My 2014 Travel Writing Scholarship - Euro Roadtrip entry
PHILIPPINES | Thursday, 15 May 2014 | Views [228] | Scholarship Entry
Two hours ago, a bus took our Anthropology class from Manila to the quiet municipality of Botolan, Zambales for a two-day field trip. We are staying in a wooden hut beside our foster family’s small house. As it gets dark, we prepare dinner for Nanay Loreta, her daughter and her husband, and their three children. They are pure Aetas, and Nanay Loreta has lived and raised her family here since the whole Aeta community in Botolan was relocated to the sides of the mountain after the violent eruption of Mount Pinatubo in 1991.
With only one dim light bulb to aid our visions and firewood and an old pot to cook our food (fish, their usual diet, and meat, a rarity for them), we use the time to learn about their family and the community. Their house is small and square, built with cinder blocks, with holes in the sides for windows. I look for a bed, but I only find one that is broken and used to store their few belongings instead in one corner. Then I notice that half of the floor is about a foot higher than the rest, and the grandchildren run up to the elevated area, sweep it with their feet, and sit in a small circle. I realize this is where they sleep; this elevated area is their bed. Outside the house, there is nothing but a few other small houses, trees leading up all the way to the top of the mountain, and the reddish brown clay and mud.

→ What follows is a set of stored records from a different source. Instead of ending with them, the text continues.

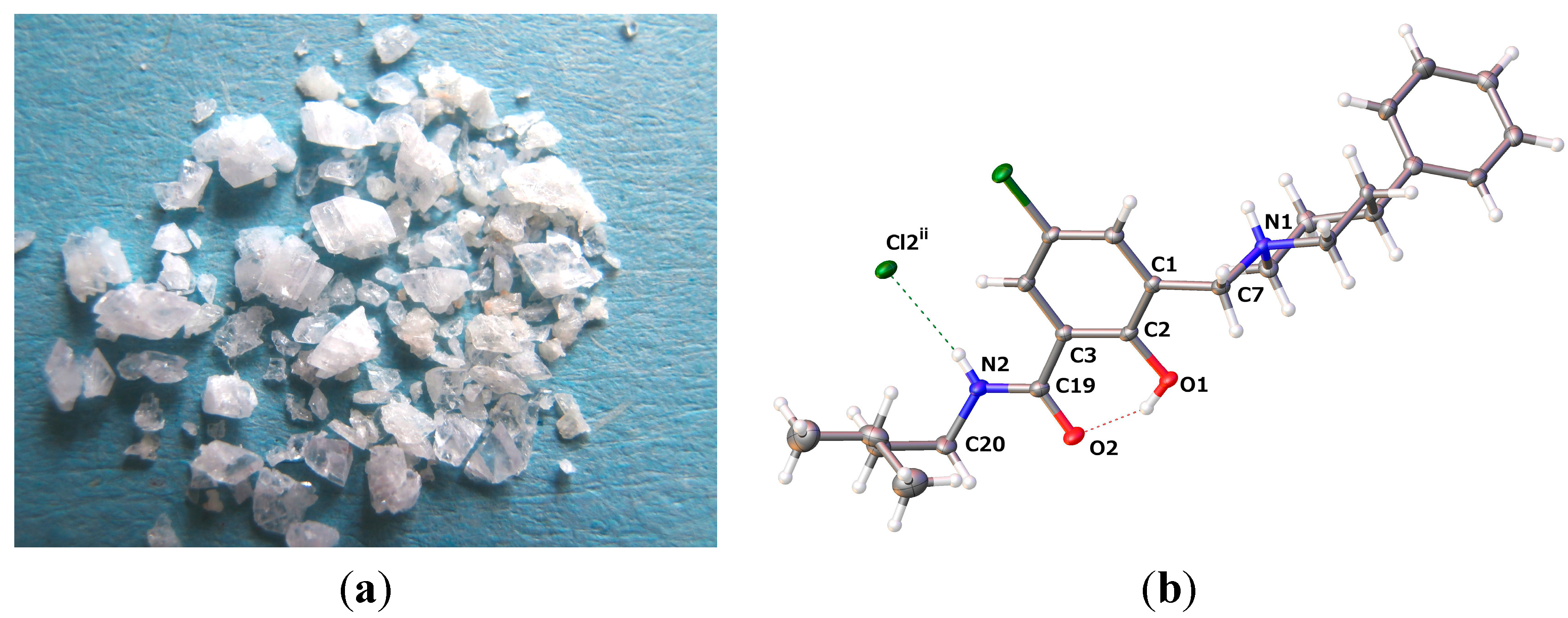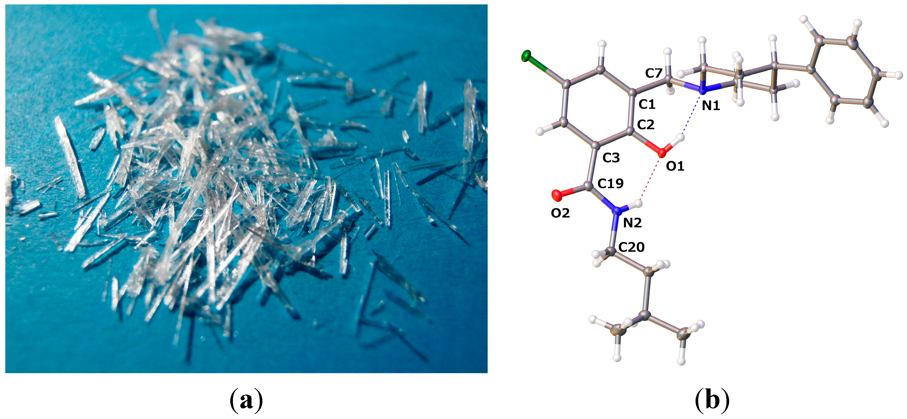 - Imramovsky, A.; Pauk, K.; Padelkova, Z.; Hanusek, J. Crystal Structure of the 5-Chloro Salicylamides: Three Different Types of the H-bonding Influenced Linear Chain Formation in the Solid State. Crystalls 2012, 2, 349–361. [Google Scholar] [CrossRef]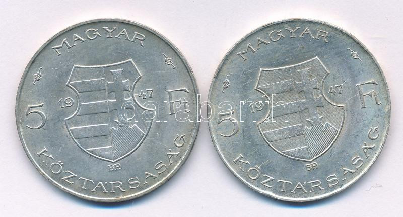 1947. 5Ft Ag "Kossuth" (2x) T:XF patina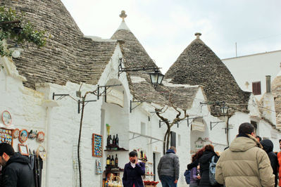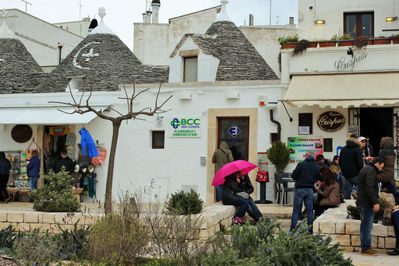 Увы, эту картинку я не увидела. А было очень холодно и серое, в тучах, небо. И еще, несмотря на то, что приехали не в сезон, нарду было очень много. Это был последний день пасхи, выходной. И местные жители вышли погулять. И жители Альберобелло, и из других уголков страны.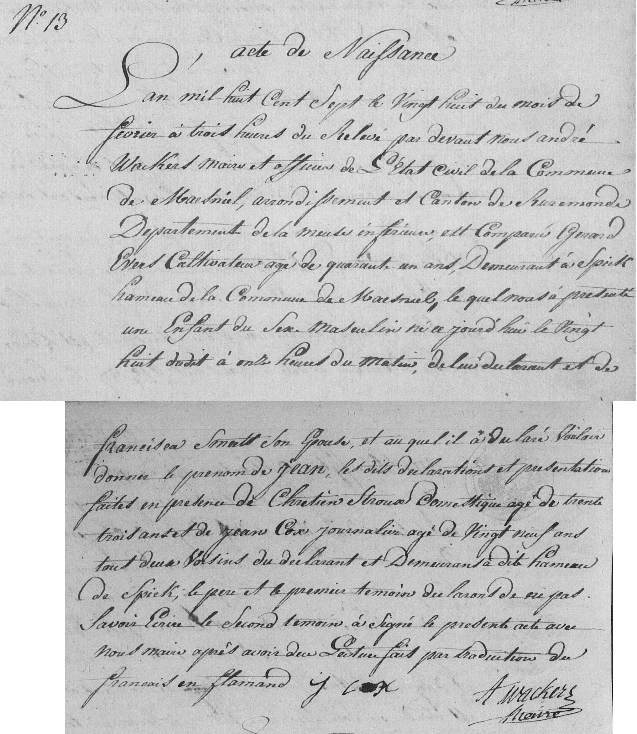 Het kind Jean is geboren om elf uur in de ochtend in het gehucht Spik. De moeder is Francisca Smeets, echtgenote van de aangever. De akte is voor de partijen door de burgemeester vertaald van het Frans naar het Vlaams (Nederlands). De vader en de eerste getuige verklaarden niet te kunnen schrijven.
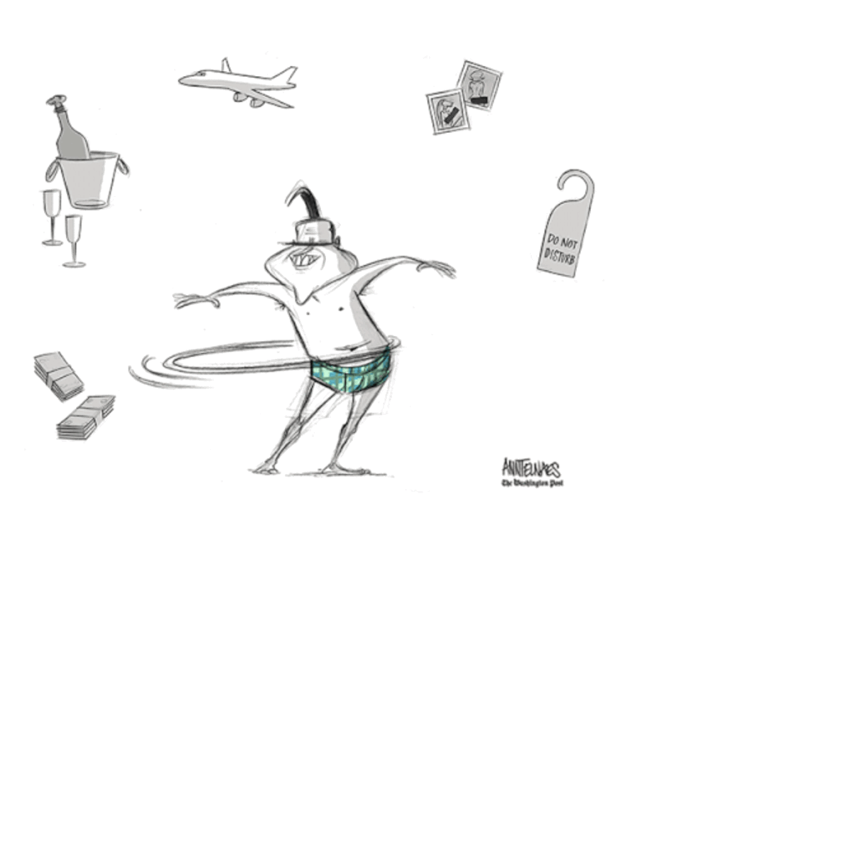 Some headline writer at the New York Times has won the Captain Obvious award for that one, though I prefer Ann Telnaes (WaPo)‘s graphic take on things, which, in turn, is partially inspired by a ghastly, hilarious, horrifying Bulwark piece by Charlie Sykes, headlined “Lordy, There Were Hula Hoops.”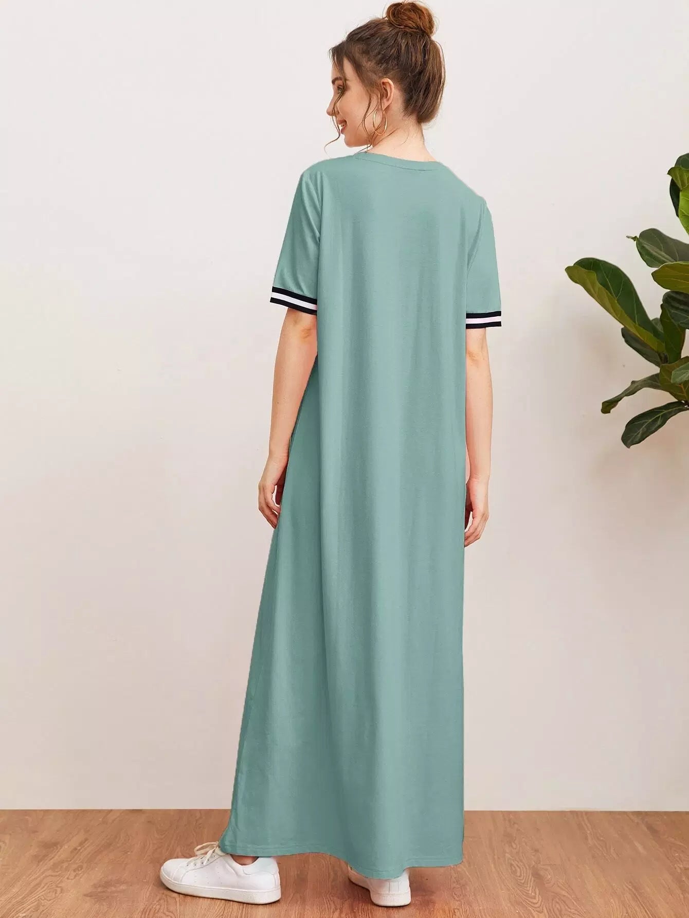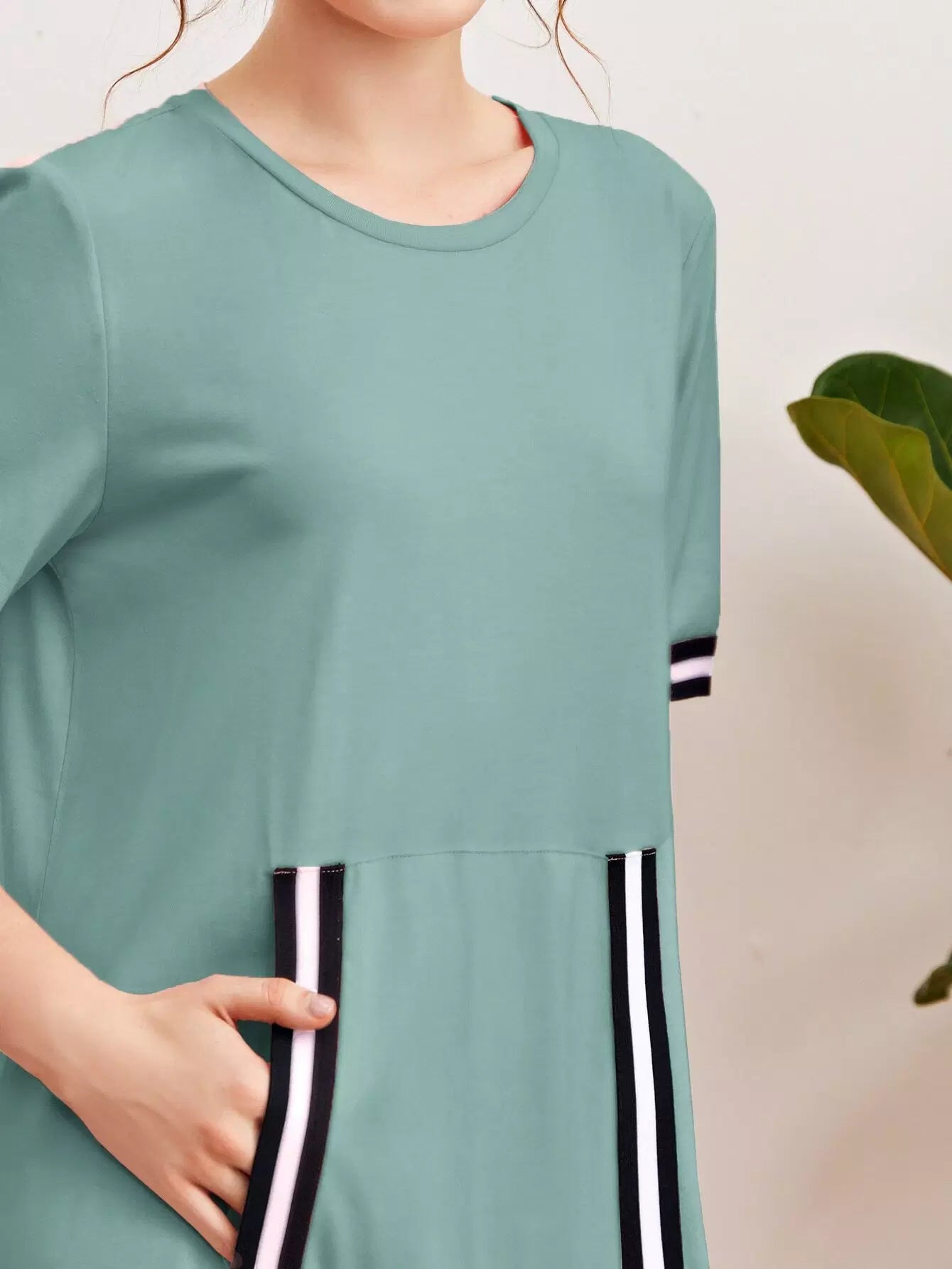 Women - Striped Tape Trim Pouch Pocket Dress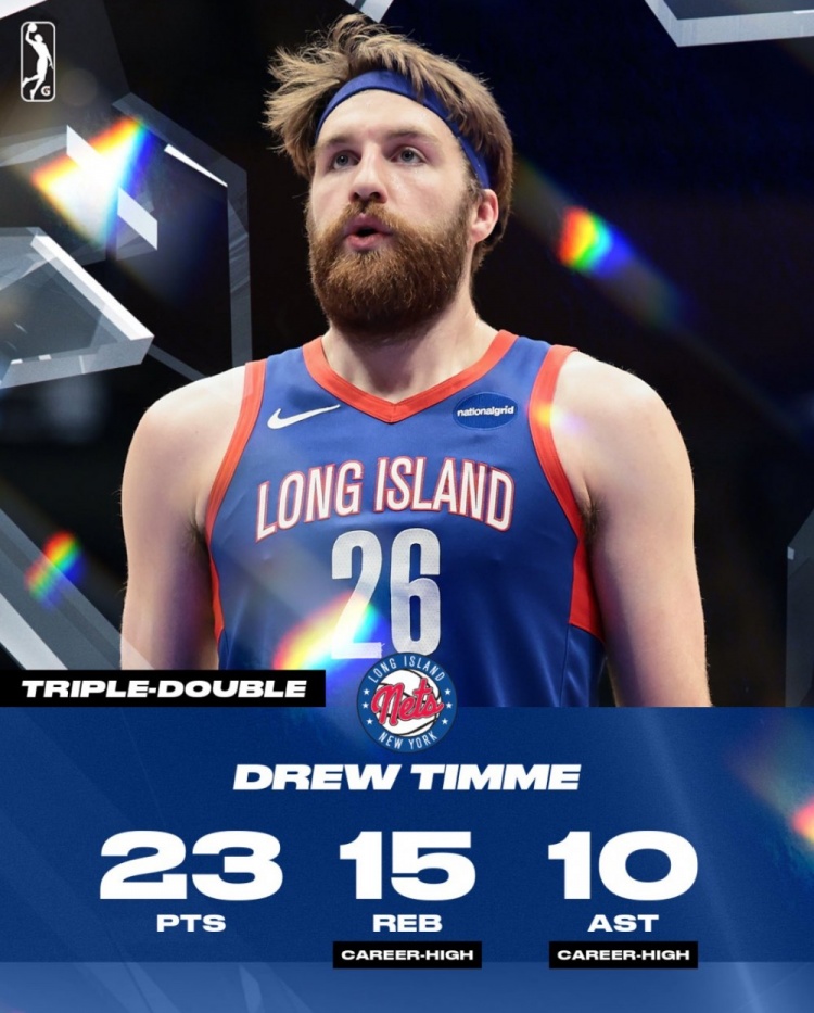 古典中鋒!德魯-蒂米在G聯(lián)盟19中7砍23分15板10助 生涯首次三雙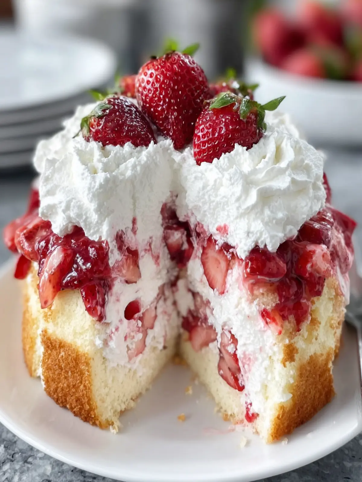 5. Assemble the Cake: Place one cake layer on a serving platter. Spread with half of the whipped cream and top with half of the sliced strawberries. Place the second cake layer on top and spread the remaining cream over the top and sides. Decorate with additional strawberries.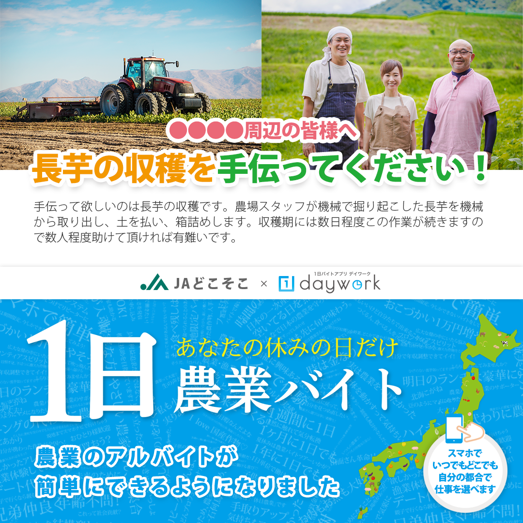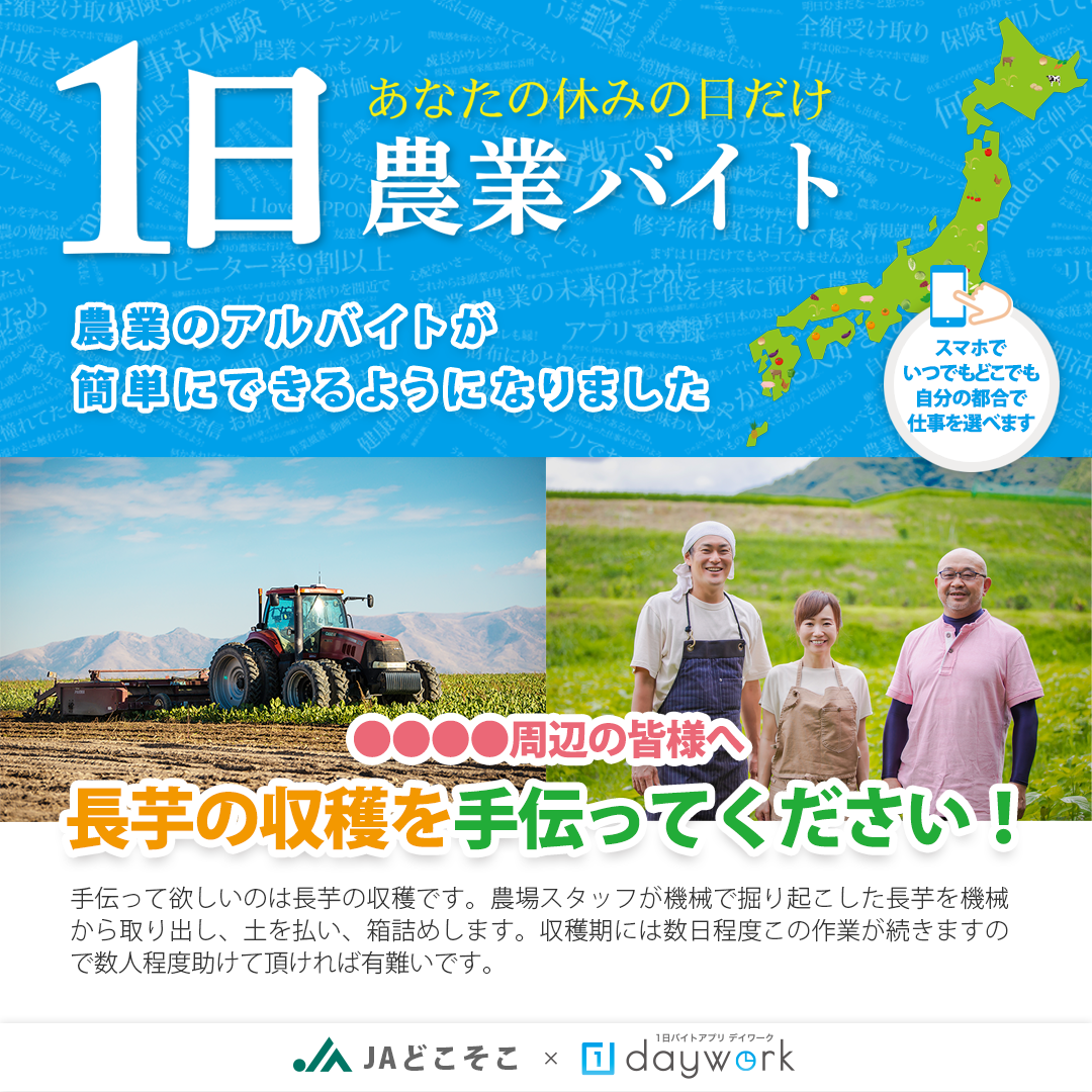 その「daywork」のFacebookに掲載するための広告デザインとして作成しました。下のデザインは翌年に予めバリエーションを用意して選びやすいようにデザインを変えたものです。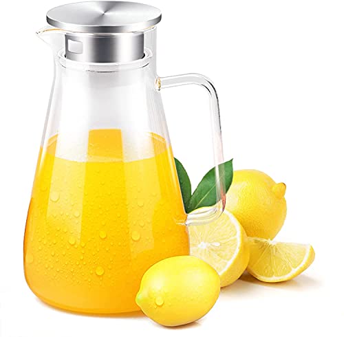 Carafe Glass, Uten 1500ml 53oz Pitcher Jug Lead-Free Borosilicate Glass Kettle with Crystal Handle and Stainless Steel Lid Cover for Milk, Red Wine, Cold Water, Fruit Juice, Hot Coffee, Ice Drinks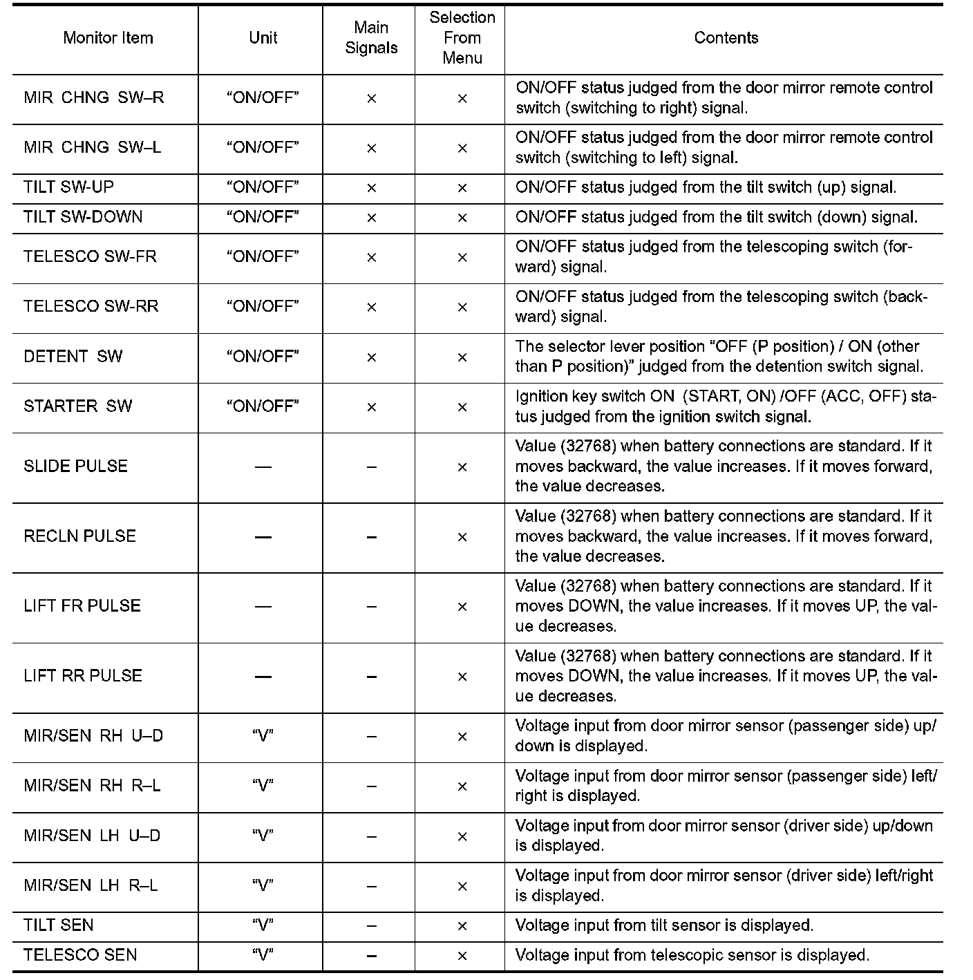 DIAGNOSIS SYSTEM (DRIVER SEAT CONTROL UNIT)

This is my first time to not only see an entire Aeta community, but to live with and like them. Two days is not nearly enough to grasp what it is like to live as an Aeta in a now-highly industrialized country, to thrive without the technology that I have grown extremely comfortable with in the cities of Manila, where I go to college, and Butuan, my hometown. But I look at this Aeta family that has been so warm in welcoming us into their home and sharing their stories with us, and realize that this is what Filipino strength looks like. These Aeta families have stayed strong throughout the volcano eruption, survived with little electricity in their vulnerable houses on the side of the mountain, little money to spend from what little black sand they gather and sell. All I could see around them were the lack of basic utilities, health and sanitation practices, and other basic needs, but on their faces I see nothing but smiles, the look of satisfaction, love for their families and their entire community, the strength of their longstanding culture, and the resilience of true Filipinos.